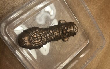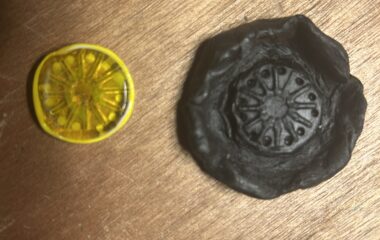 I dette kapitel ser vi på processen med at lave enkle forme i biomaterialer. Enkle forme lan laves, når det objekt, der skal afstøbes har en flad side, og når denne side er større end resten af objektet, da det ellers vil være svært at få ud af formen uden at ødelægge det. Det er måske et fysisk objekt, der allerede findes, eller måske er det bare en idé. Hvis det er det sidste, er eleverne nødt til at starte med at lave objektet. Det kan de gøre i ler, voks, 3D print eller på anden vis. Når objektet findes fysisk, skal eleverne lægge det ned i en ramme, som har sider, der er højere end objektet. Objektet skal fastklæbes, da det ellers vil flytte sig, når det overhældes med biomateriale. Se billede 2-5. Her er der fundet forskellige forme at lægge objektet i, bortset fra billede 5, hvor der er lavet et aftryk af objektet i voks og modelleret en side op omkring aftrykket. Når de forskellige eksempler overhældes med biomaterialer, vil det blive til støbeforme, som eleverne kan bruge til at genskabe objektet efterfølgende.
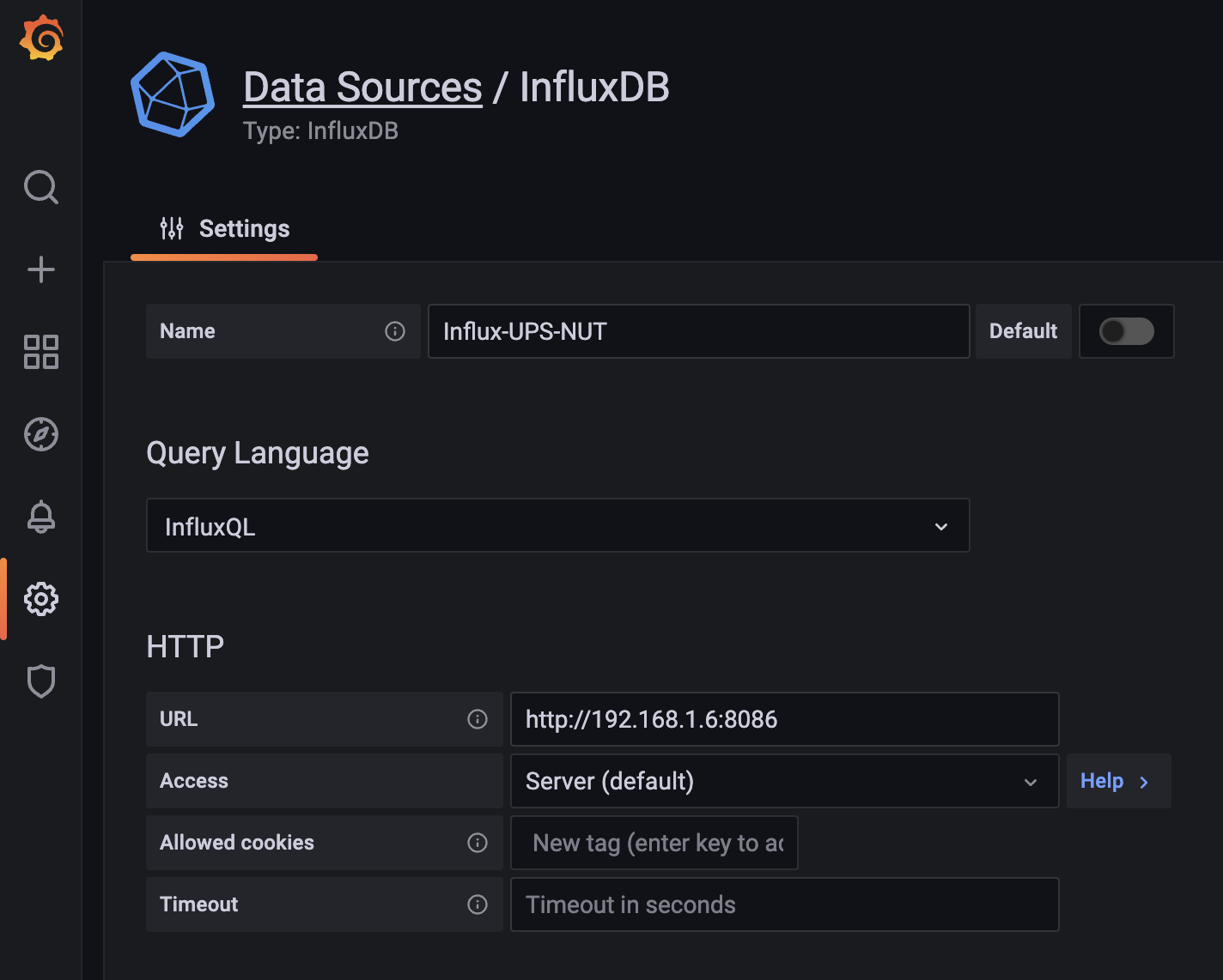 I then added the database to Grafana with a similar configuration to the other. The difference was that database was set to nut and HTTP Method was get to GET.
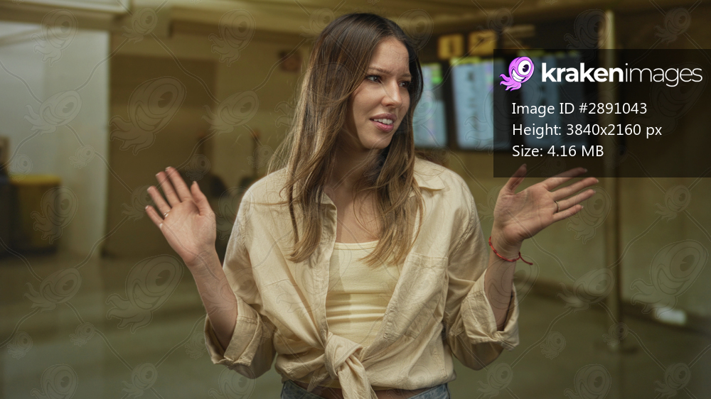 Woman with palms up shrugging in an airport terminal by a departure board wearing tied shirt and red bracelet; travel delay uncertainty.
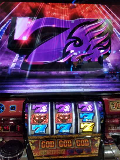 期待マンマンでリールを止めるも、GODとはならず紫7。
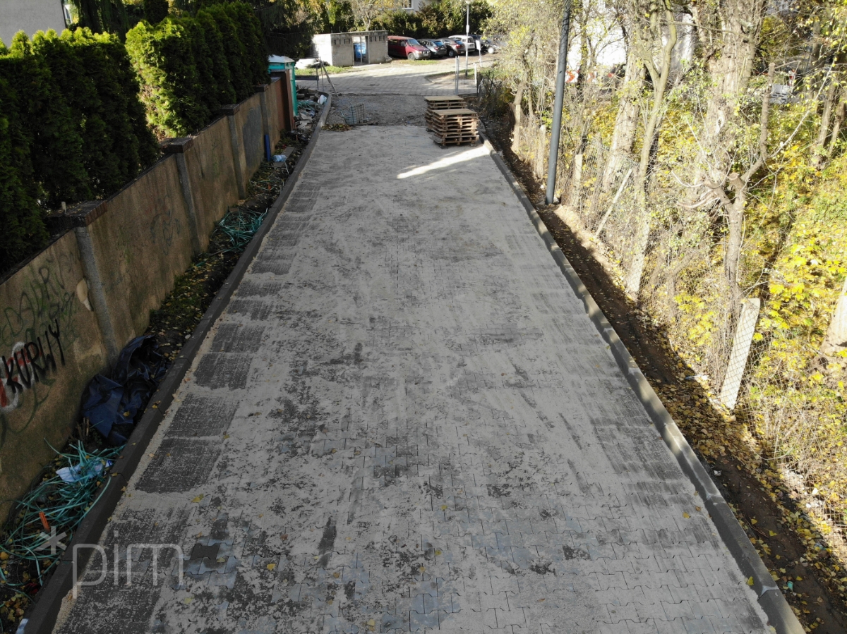 Budowana pieszojezdnia, czyli pas terenu przeznaczony dla ruchu pieszych i pojazdów na zasadach obowiązujących w strefie zamieszkania, bez wydzielonych chodników, ma mieć 5 metrów szerokości. Jej nawierzchnię tworzyć będzie betonowa kostka brukowa.
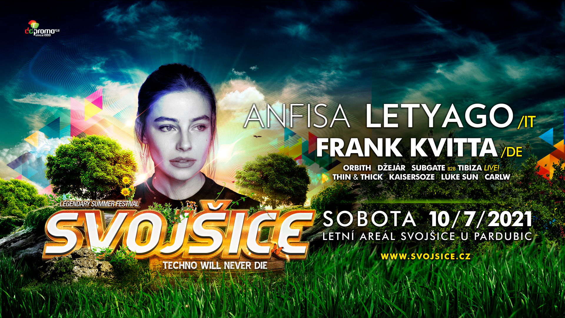 Do přírodního areálu ve Svojšicích u Pardubic zavítá již v sobotu 10. července italská producentka a dýdžejku Anfisu Letyago, která zažívá doslova snový rok. Založením vlastního labelu N:S:DA. a vydáním EP s názvem Listen jen potvrdila pozici jednoho z největších nových talentů na techno scéně a po boku jmen jako Amelie Lens, Charlotte de Witte nebo Nina Kraviz začíná rychle obsazovat line-upy předních světových festivalů.
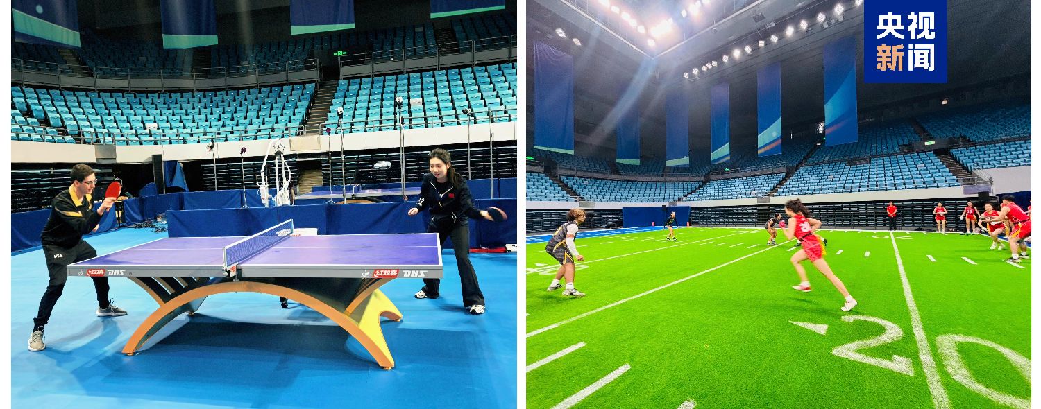 在乒乓球与橄榄球跨项目互动体验区,中国乒乓球名将邓亚萍、张怡宁、马龙、阎森与美国国家橄榄球联盟球员代表、美国女子腰旗橄榄球队代表及华盛顿州塔科马市林肯中学腰旗橄榄球队队员,分别展开乒乓球对练、橄榄球互动。双方互赠签名乒乓球拍与签名橄榄球,以体育信物传递友好情谊。
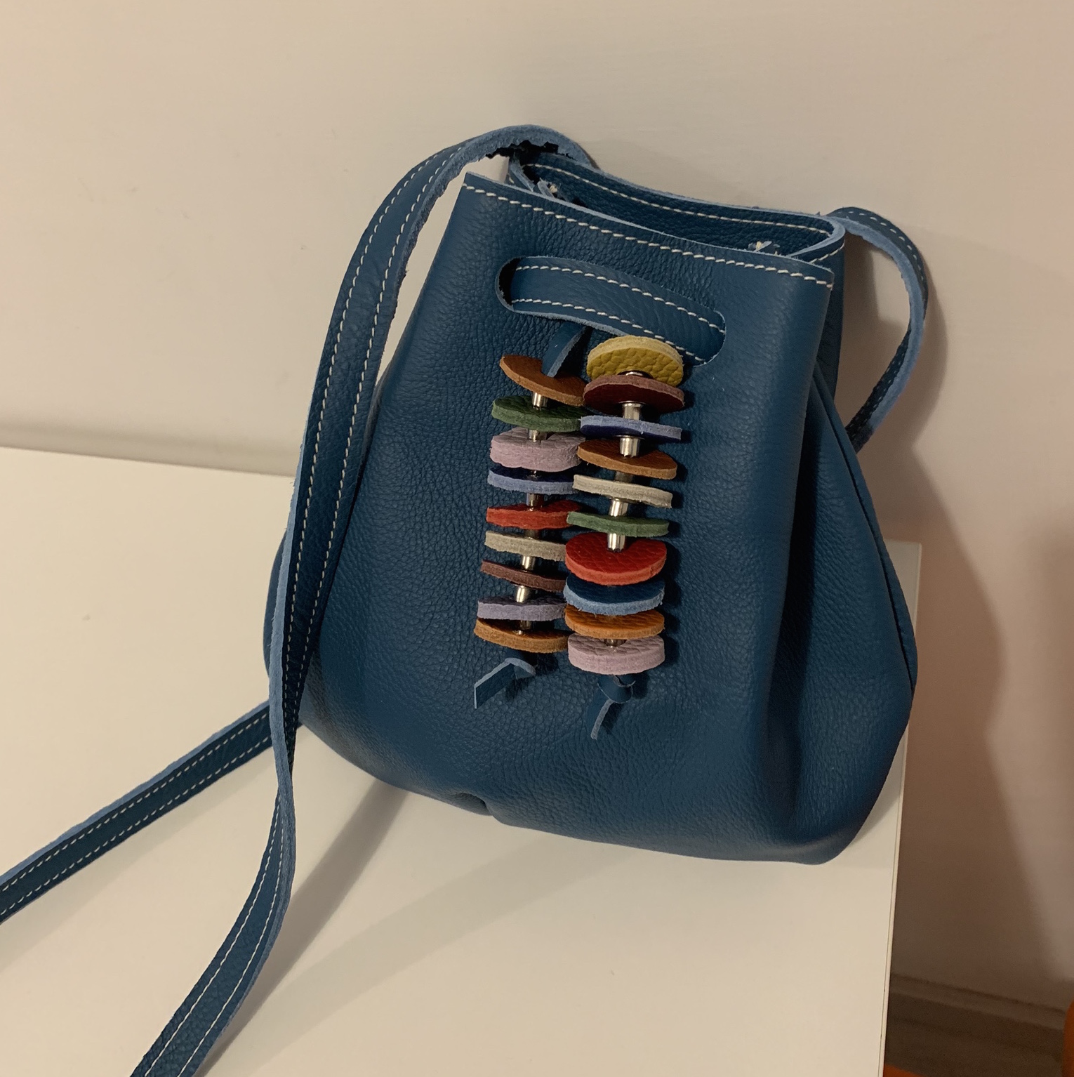 In the end, I decided the purse I liked best of all was back at shop just around the corner from our apartment. When I stopped back in, I asked about the bag in a different color, and the owner/artisan said, sure, we can make that for you. Tomorrow? Thursday? A bit stunned, I said we’d be leaving town tomorrow but perhaps my folks could come by later in the week. But when I stopped by the next morning on our way to the train station, just to check in, my bag was ready! A lovely dark teal color, with bright leather rounds to accent the front—perfect for summer. I have to say I still feel so tickled to have a purse made just for me!
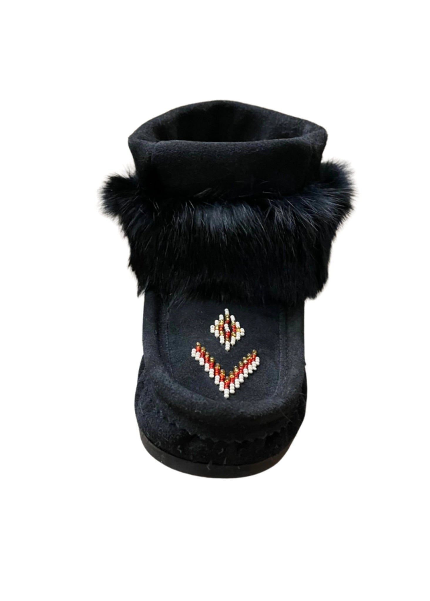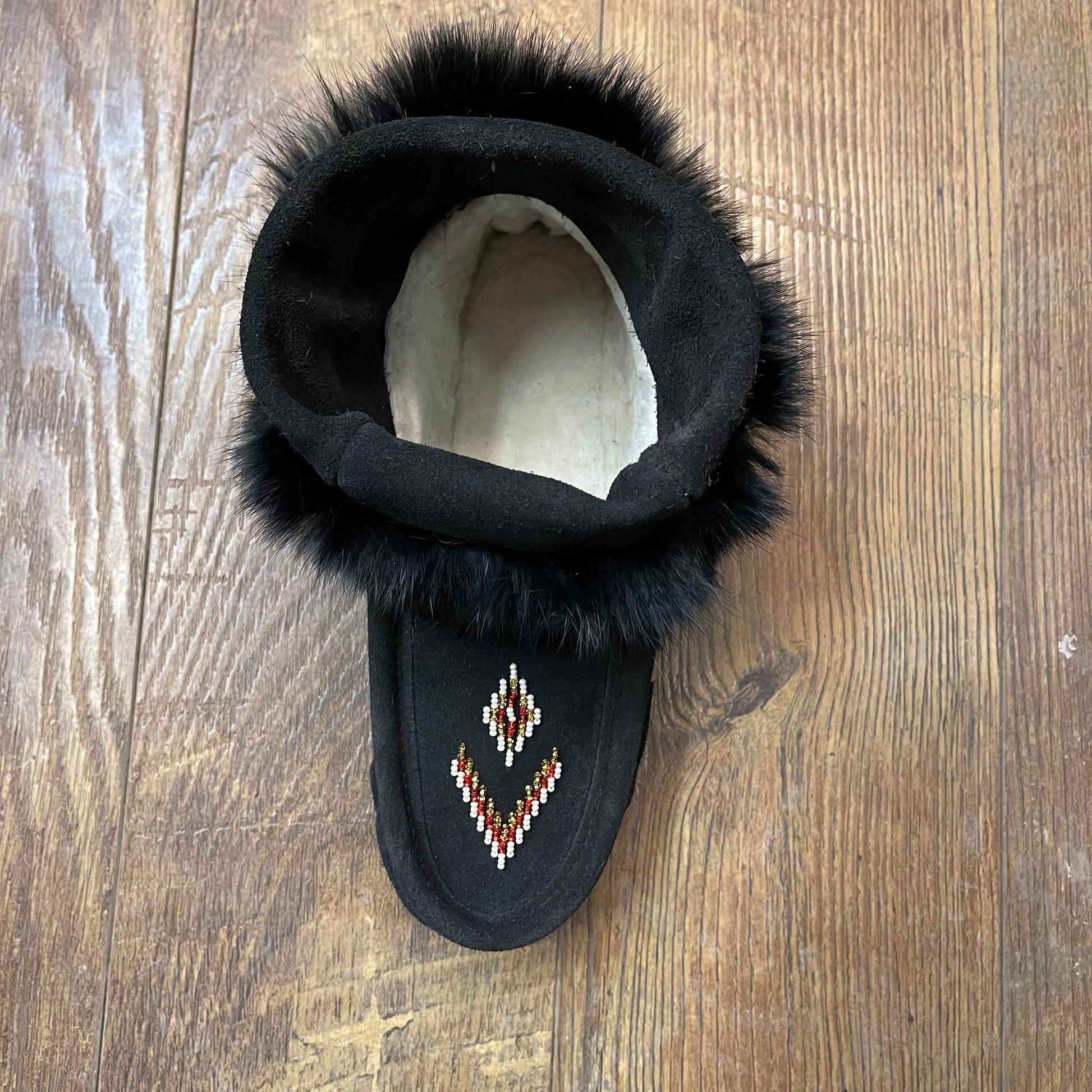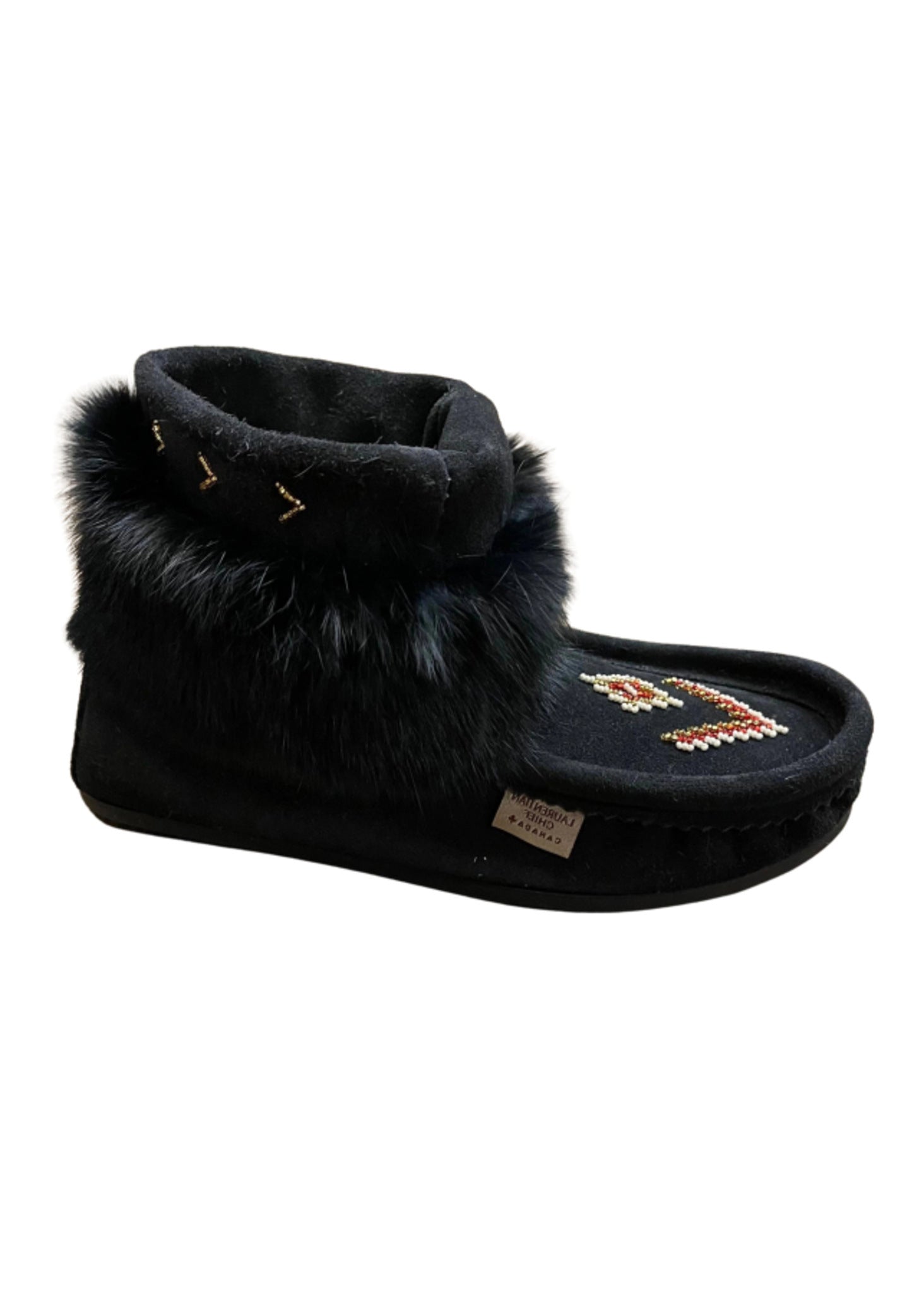 These Native American Nuka-style moccasin boots for women are stylish and comfortable, featuring authentic aboriginal accents like hand-beaded vamps and beaded top trim. The boots are lined with SHEEPSKIN and have a fuzzy rabbit fur trim around the shaft, as well as a durable crepe gum sole.

■ ■ ■ ■

AIM OF THE EXERCISE: From the records above, write out exactly the lines that begin at the line with "Woman with palms" and end at the line with "在乒乓球与橄榄球跨项目互动体". Pictures must not appear in the output.

ANSWER SPACE:
 Woman with palms up shrugging in an airport terminal by a departure board wearing tied shirt and red bracelet; travel delay uncertainty.
 期待マンマンでリールを止めるも、GODとはならず紫7。
 Budowana pieszojezdnia, czyli pas terenu przeznaczony dla ruchu pieszych i pojazdów na zasadach obowiązujących w strefie zamieszkania, bez wydzielonych chodników, ma mieć 5 metrów szerokości. Jej nawierzchnię tworzyć będzie betonowa kostka brukowa.
 Do přírodního areálu ve Svojšicích u Pardubic zavítá již v sobotu 10. července italská producentka a dýdžejku Anfisu Letyago, která zažívá doslova snový rok. Založením vlastního labelu N:S:DA. a vydáním EP s názvem Listen jen potvrdila pozici jednoho z největších nových talentů na techno scéně a po boku jmen jako Amelie Lens, Charlotte de Witte nebo Nina Kraviz začíná rychle obsazovat line-upy předních světových festivalů.
 在乒乓球与橄榄球跨项目互动体验区,中国乒乓球名将邓亚萍、张怡宁、马龙、阎森与美国国家橄榄球联盟球员代表、美国女子腰旗橄榄球队代表及华盛顿州塔科马市林肯中学腰旗橄榄球队队员,分别展开乒乓球对练、橄榄球互动。双方互赠签名乒乓球拍与签名橄榄球,以体育信物传递友好情谊。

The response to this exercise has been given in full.